Millimeter wave imaging systems have been widely used. For example, such systems have been used for security reasons such as detecting concealed weapons and obstruction under low visibility conditions. Many current airport scanners perform holographic reconstruction of a target object, but such systems require rotationally scanning a detection arm, which is time consuming. Alternatives, such as focal plane array (FPA) imaging, allow for both passive and active techniques but requires a large array of detectors for high resolution and quality.
State of the art time of flight imaging can performed with focused/collimated beams (time of flight information is obtained along one cross-range ray) either in the receive or the illumination arms, or both. Other imaging techniques may use diverging beams that rely on a large number of spatial samples (field of view requirement) in a large aperture (cross-range resolution requirement).
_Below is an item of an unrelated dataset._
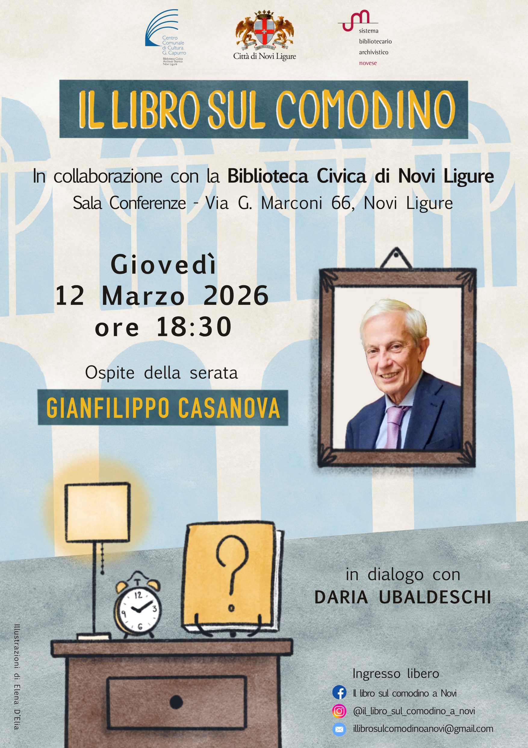 Ricordiamo che è possibile seguire l’attività del gruppo - composto da Daria Ubaldeschi, Elena D’Elia, Benedetta De Paolis, Graziella Gaballo, Giada Incardona e Andrea Vignoli – essere informati sui vari appuntamenti e commentarli, attraverso la pagina Facebook Il libro sul comodino a Novi e attraverso Instagram @il_libro_sul_comodino_a_novi.

Radar imaging and synthetic radar imaging (SAR) reconstruction algorithms assume that the object is a volume in three dimensional space. This assumption facilitates image reconstruction with only a few measurements.
Surface imaging techniques, such as inverse scattering techniques, and algorithms with coherent diverging beams make assumptions about the electrical boundary of the object as required by the electromagnetic models and also require exhaustive illumination and detection views. This technique uses a sparse measurement scheme and does not make any assumptions about the electrical boundary of the object, the only assumption is that the object can be approximated by a surface in three dimensional space.
Although significant advancements have been made in imaging systems and techniques, there is a continuing need for improved systems and techniques.